Stored items from a collection
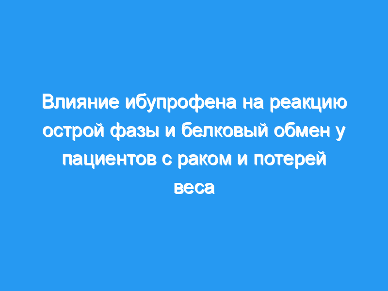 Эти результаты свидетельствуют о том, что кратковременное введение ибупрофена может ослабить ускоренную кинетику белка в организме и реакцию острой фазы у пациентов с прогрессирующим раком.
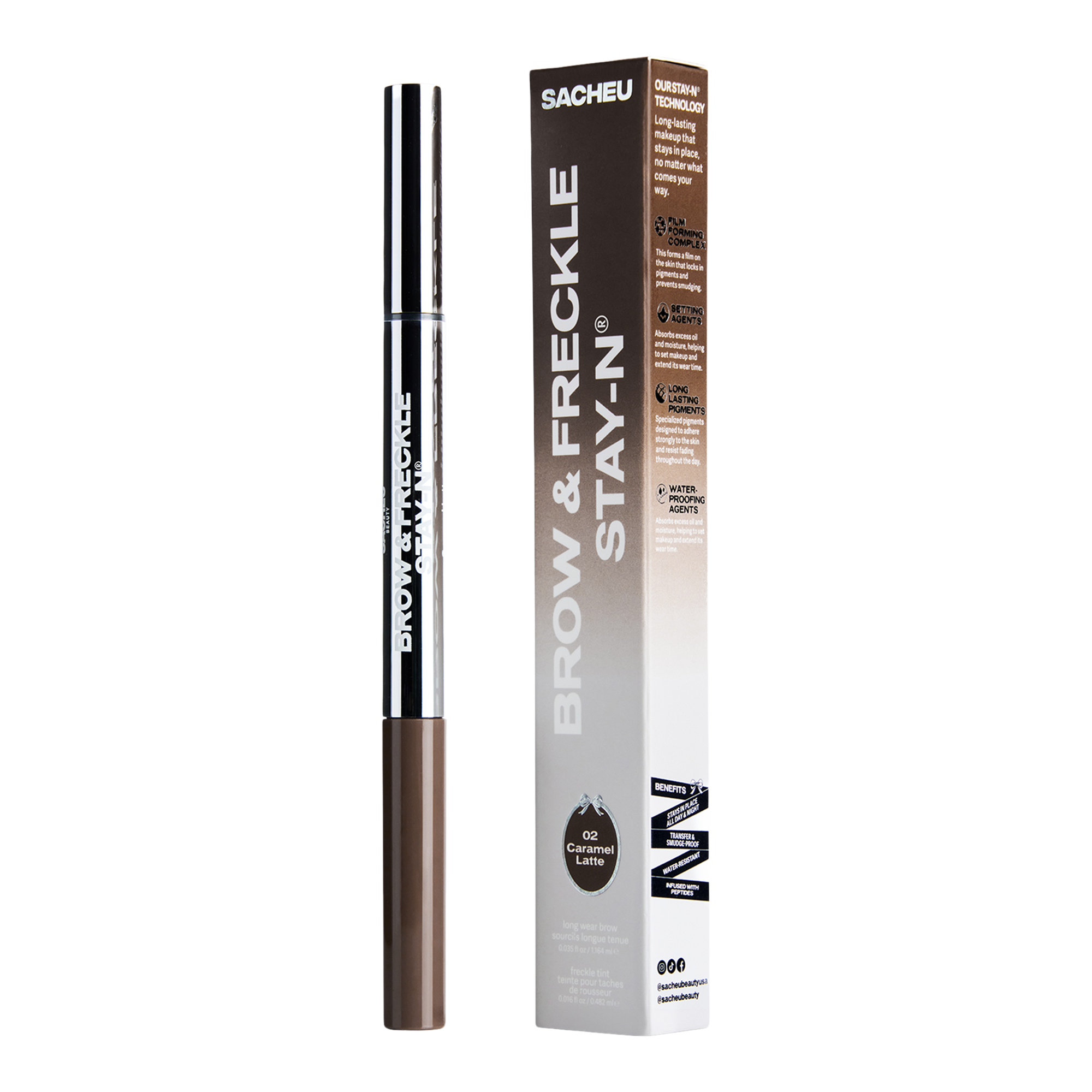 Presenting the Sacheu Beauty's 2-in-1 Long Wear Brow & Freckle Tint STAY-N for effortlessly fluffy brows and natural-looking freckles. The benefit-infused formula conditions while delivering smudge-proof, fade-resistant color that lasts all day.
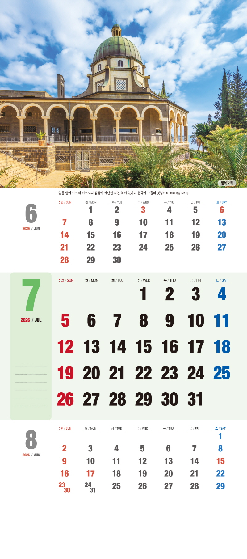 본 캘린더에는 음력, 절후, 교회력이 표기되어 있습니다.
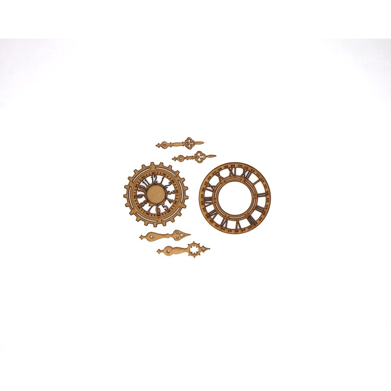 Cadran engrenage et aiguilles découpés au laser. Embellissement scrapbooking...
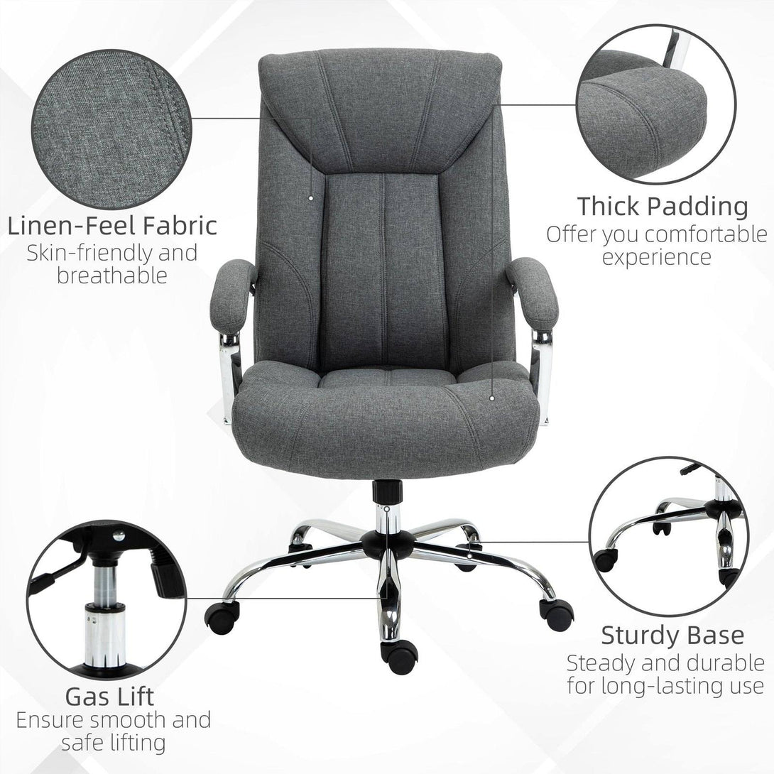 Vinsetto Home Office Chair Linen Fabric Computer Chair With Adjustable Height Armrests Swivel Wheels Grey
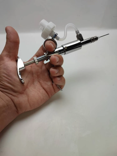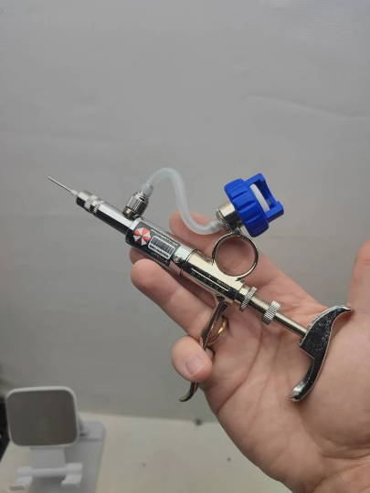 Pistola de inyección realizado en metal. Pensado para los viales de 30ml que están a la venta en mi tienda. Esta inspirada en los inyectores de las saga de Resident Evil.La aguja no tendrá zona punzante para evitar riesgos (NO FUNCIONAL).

• EXERCISE AIM: Write the lines out again exactly, beginning at the one containing "Vinsetto Home Office" and ending with the last line of the entries, but without any pictures.

• SOLUTION TO THIS PROBLEM:
 Vinsetto Home Office Chair Linen Fabric Computer Chair With Adjustable Height Armrests Swivel Wheels Grey
 Pistola de inyección realizado en metal. Pensado para los viales de 30ml que están a la venta en mi tienda. Esta inspirada en los inyectores de las saga de Resident Evil.La aguja no tendrá zona punzante para evitar riesgos (NO FUNCIONAL).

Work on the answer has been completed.